Cross-docking is the main focus of many docking studies as it most closely emulates docking experiments in drug discovery campaigns. We test the performance of Open-ComBind by performing cross-docking on the Benchmark Dataset. We utilize the protein and ligand pre-processing available in the Open-ComBind pipeline to prepare the ligands for cross-docking. A protein and ligand file are created for each complex of the Benchmark Dataset, however, binding site cofactors are manually added back to the protein, following ComBind’s preparation procedure for a fair comparison. Next, we create two sets of helper ligands for each ligand we are docking, as defined above: high-affinity binders and congeneric series.
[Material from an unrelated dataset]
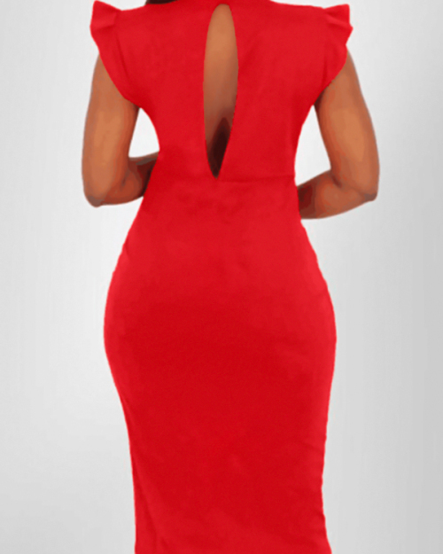 Trendy Turtleneck Tank Sleeveless Falbala Design Red Polyester Sheath Knee Length Dress

We then use the Open-ComBind Pose Prediction Pipeline (Fig. 1) on each ligand in which we are performing cross-docking with each set of helper ligands. When predicting poses for docking ligands of a given receptor, we omit that receptor’s docked ligand similarity statistics from the pre-computed similarity statistics used in the Open-ComBind objective function.
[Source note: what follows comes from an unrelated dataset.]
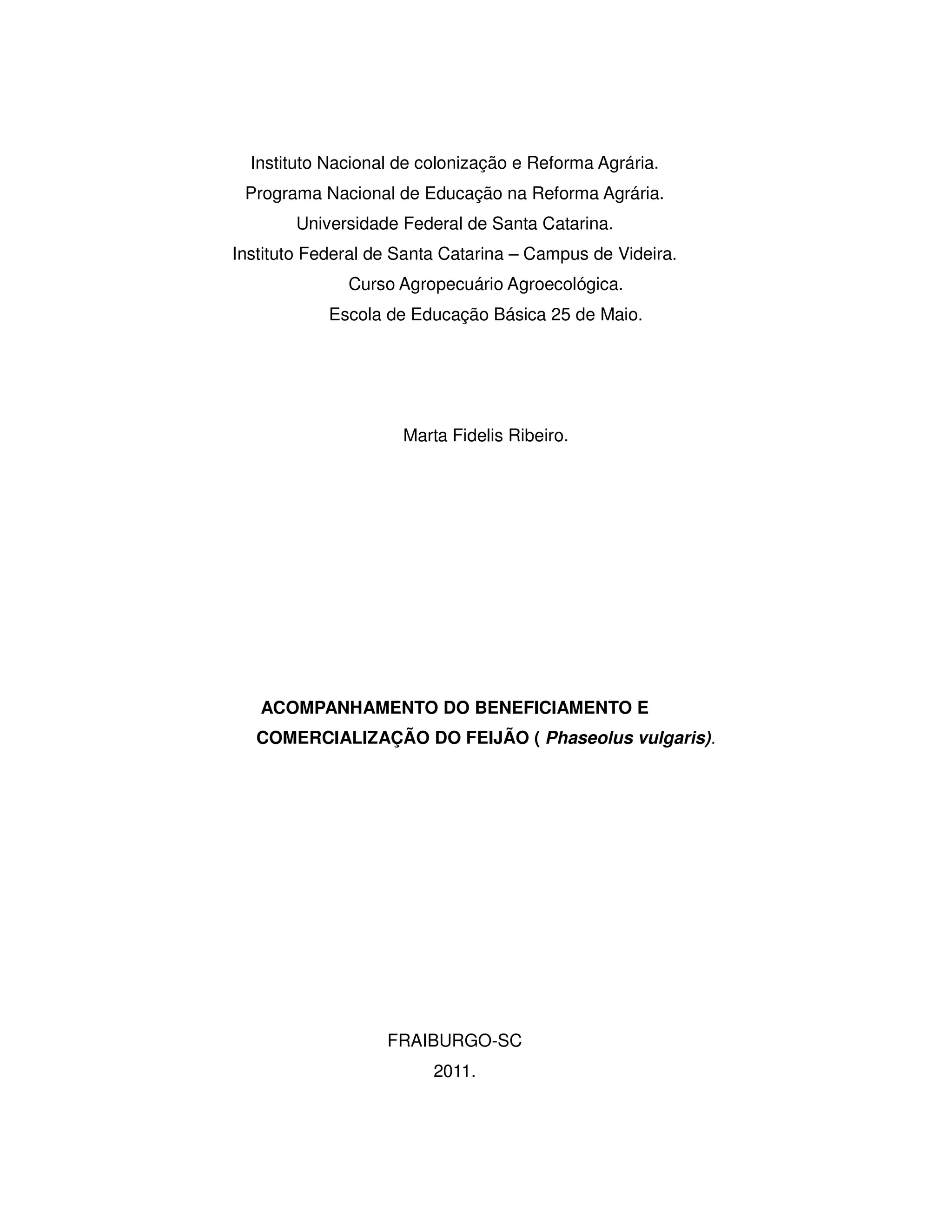 1. O documento descreve o processo de beneficiamento e comercialização do feijão realizado pela Coopercontestado em Santa Catarina, desde a colheita até a certificação e destino final.

We run the evaluation, for each docking ligand, using five different random seeds to determine the variability of Open-ComBind given slightly different ligand poses. The random seed are used for the creation of the conformations of the docking ligand and helper ligands as well as the gnina docking procedure.

Hypothesis evaluation

[18] built ComBind on the hypothesis that distinct ligands bind to a receptor in similar ways. We aim to investigate whether this underlying hypothesis of the pipeline is correct by comparing the value of the Open-ComBind objective function for the lowest RMSD ligand poses to the value of the objective when selecting from all gnina generated poses. We only look at target proteins in the Benchmark dataset containing at least ten ligands with a gnina generated near-native pose. In the following experiment, we only use ligands with a defined ground truth pose (i.e. the set of docking ligands for each target receptor in the benchmark dataset) and only ligands that have a gnina generated pose < 2Å RMSD from the ground truth. We first measure the value of the Open-ComBind objective function when we restrict our selection to the best gnina generated pose, according to lowest RMSD to the ground truth. We next evaluate the value of the Open-ComBind objective function when we select from all gnina generated poses of the ligands. If the underlying hypothesis of Open-ComBind is true, then the Open-ComBind objective function value when selecting from the best poses will be greater than or equal to the objective function value when selecting from all gnina generated poses. The Open-ComBind objective is optimized in a stochastic manner, so it is possible we will not converge on the globally optimal pose selections which is assumed to be the set of poses with the lowest RMSD to the ground truth.